--- Raw data Enclosed Below ---

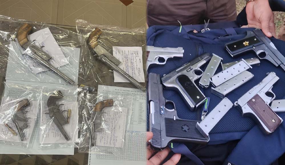 11 अवैध हथियार, कारतूस, मैग्जीन और बुलेट मोटर साइकिल जब्त
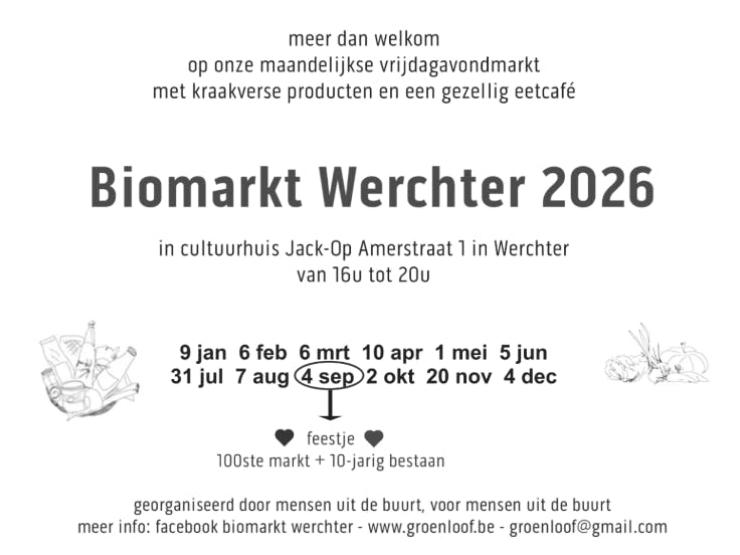 Iedereen heel welkom op onze avond(bio)markt. Ontdek ons aanbod van groenten, kazen, broden, fruit, sap, verfijnd gebak, confituren, honing, zero-waste producten, granola's en noem maar op! Blijf gerust plakken in ons marktcafé. Je kan er terecht voor pizza, een dagschotel en/of een drankje. Steeds gezelligheid troef! Locatie: Jack-op Amerstraat 1 in Werchter Wat schaft de pot? -dagschotel met groenten recht van het veld door de plek bestellen kan via
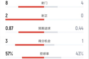 控球率57%-43%
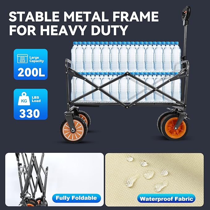 - ▶ 【All-Terrain-Fit Wheels】Utility Foldable cart with 8.5" diameter big all-terrain wheels move smoothly for any occasion, such as fishing, camping, shopping, gardening and Sports.The waterproof fabric is 600D Oxford which won’t tear when sharp objects are placed inside.
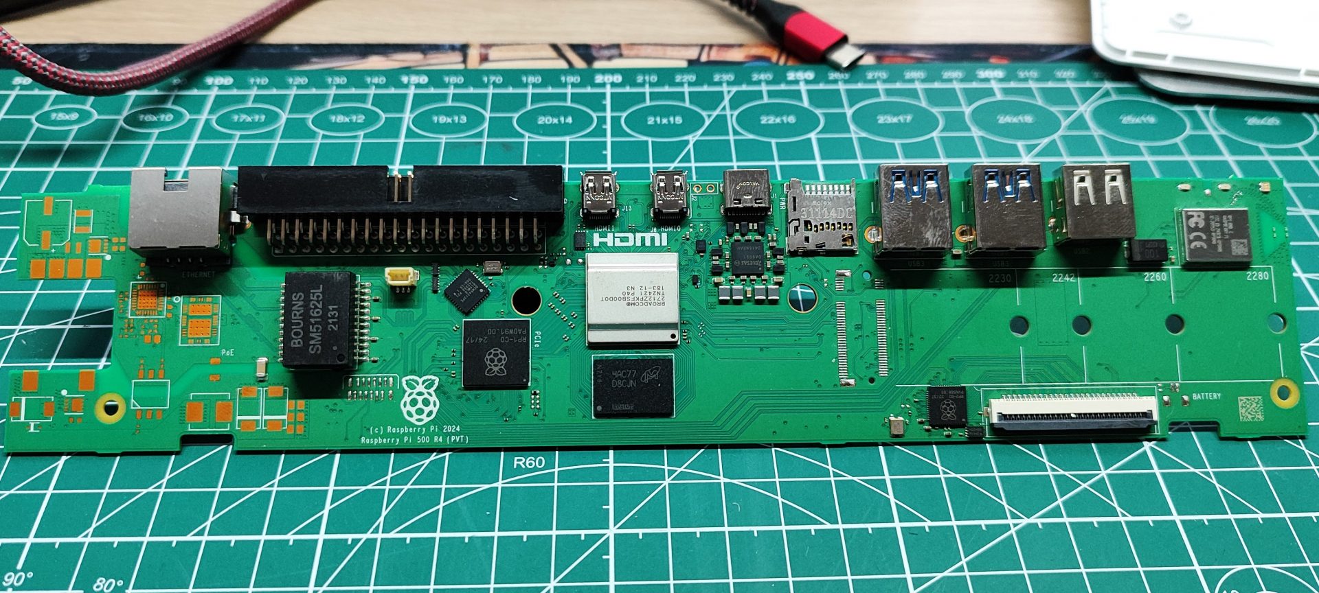Внимательные читатели заметят, что, поскольку Pi 500+ использует ту же конструкцию клавиатуры, что и предшественники, доступ к разъёмам CSI (камера) и DSI (дисплей) отсутствует. Взглянув на печатную плату, вы увидите, что на ней нет никаких разъёмов под шлейфы. Если вам действительно нужна камера, используйте USB веб-камеру. Для дисплеев предусмотрены два порта micro HDMI с поддержкой 4K60, так что с выводом изображения проблем нет.

--- End of Enclosed Raw data ---

▸ What to produce: From the first line to the last, repeat the material exactly, but drop the pictures.

▸ Task solution:
 11 अवैध हथियार, कारतूस, मैग्जीन और बुलेट मोटर साइकिल जब्त
 Iedereen heel welkom op onze avond(bio)markt. Ontdek ons aanbod van groenten, kazen, broden, fruit, sap, verfijnd gebak, confituren, honing, zero-waste producten, granola's en noem maar op! Blijf gerust plakken in ons marktcafé. Je kan er terecht voor pizza, een dagschotel en/of een drankje. Steeds gezelligheid troef! Locatie: Jack-op Amerstraat 1 in Werchter Wat schaft de pot? -dagschotel met groenten recht van het veld door de plek bestellen kan via
 控球率57%-43%
 - ▶ 【All-Terrain-Fit Wheels】Utility Foldable cart with 8.5" diameter big all-terrain wheels move smoothly for any occasion, such as fishing, camping, shopping, gardening and Sports.The waterproof fabric is 600D Oxford which won’t tear when sharp objects are placed inside.
Внимательные читатели заметят, что, поскольку Pi 500+ использует ту же конструкцию клавиатуры, что и предшественники, доступ к разъёмам CSI (камера) и DSI (дисплей) отсутствует. Взглянув на печатную плату, вы увидите, что на ней нет никаких разъёмов под шлейфы. Если вам действительно нужна камера, используйте USB веб-камеру. Для дисплеев предусмотрены два порта micro HDMI с поддержкой 4K60, так что с выводом изображения проблем нет.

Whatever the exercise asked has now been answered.